## Data to use
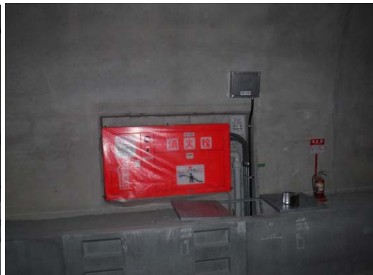
こちらは消火栓です。火災時に役に立つ設備です。給水管がついていて散水できます。
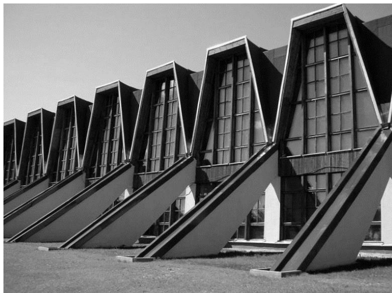
Рисунок 4 – Дворец лёгкой атлетики (легкоатлетический манеж «Динамо»).

Эти направления архитектуры могут рассматриваться и как достижения современного периода становления белорусского государства. При решении обязательных социальных задач, прежде всего связанных с обеспечением населения жильем и системами общественного обслуживания, найдены формы реализации индивидуальных, даже уникальных объектов архитектуры, синтеза архитектуры и монументальных форм искусства, ландшафтного обеспечения застройки.
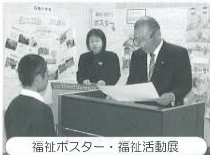
福祉ポスター・福祉活動展

この日は、天候にも恵まれ、「健康ふれあいフェスティバル」「産業文化フェスティバル」との同時開催の効果もあり、どのコーナーも多くの人で賑いました。
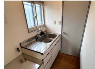
ミニキッチン・洗面・トイレを備えた、使い勝手の良いスペースです
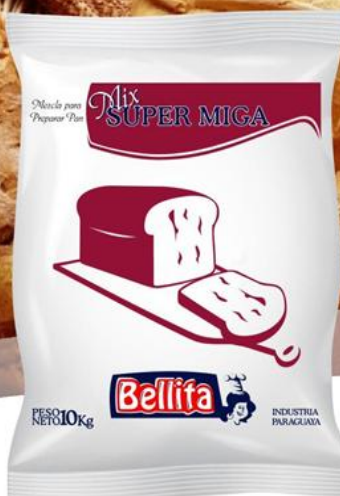
Mix Super Miga 5 kilos Cód. 1905
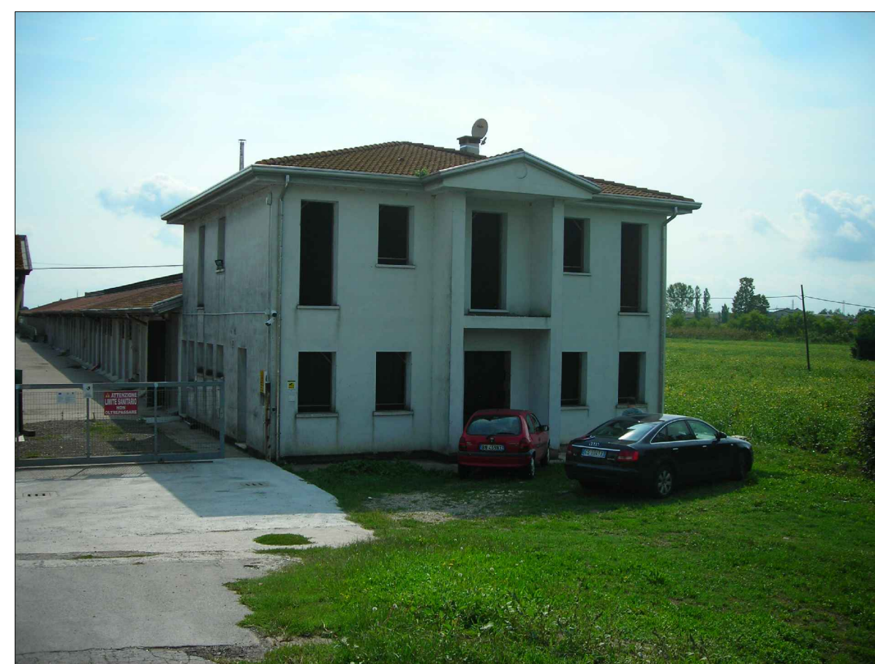
CONO OTTICO 1
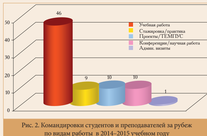
Рис. 2. Командировки студентов и преподавателей за рубеж по видам работы в 2014–2015 учебном году

На рис. 2 представлена статистика касательно количества командировок студентов и преподавателей за рубеж по видам работы. Наибольшее число зарубежных командировок в 2014–2015 учебном году было у преподавателей социально-гуманитарного (14), затем у металлургического (11) и экономического (10) факультетов.
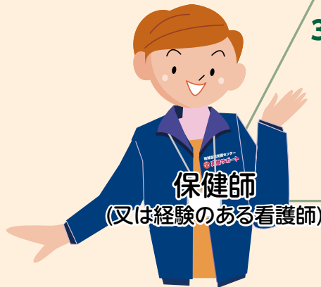
保健師 (又は経験のある看護師)
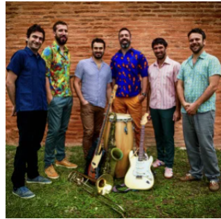
Le Tout Puissant Tropical Orchestra

## Problem requirements
Print, exactly as written, the lines from the one containing "Mix Super Miga 5 kilos Cód. 1905" to the end of the material, both ends included, and nothing else; no pictures.

## Reply
Mix Super Miga 5 kilos Cód. 1905
CONO OTTICO 1
Рис. 2. Командировки студентов и преподавателей за рубеж по видам работы в 2014–2015 учебном году

На рис. 2 представлена статистика касательно количества командировок студентов и преподавателей за рубеж по видам работы. Наибольшее число зарубежных командировок в 2014–2015 учебном году было у преподавателей социально-гуманитарного (14), затем у металлургического (11) и экономического (10) факультетов.
保健師 (又は経験のある看護師)
Le Tout Puissant Tropical Orchestra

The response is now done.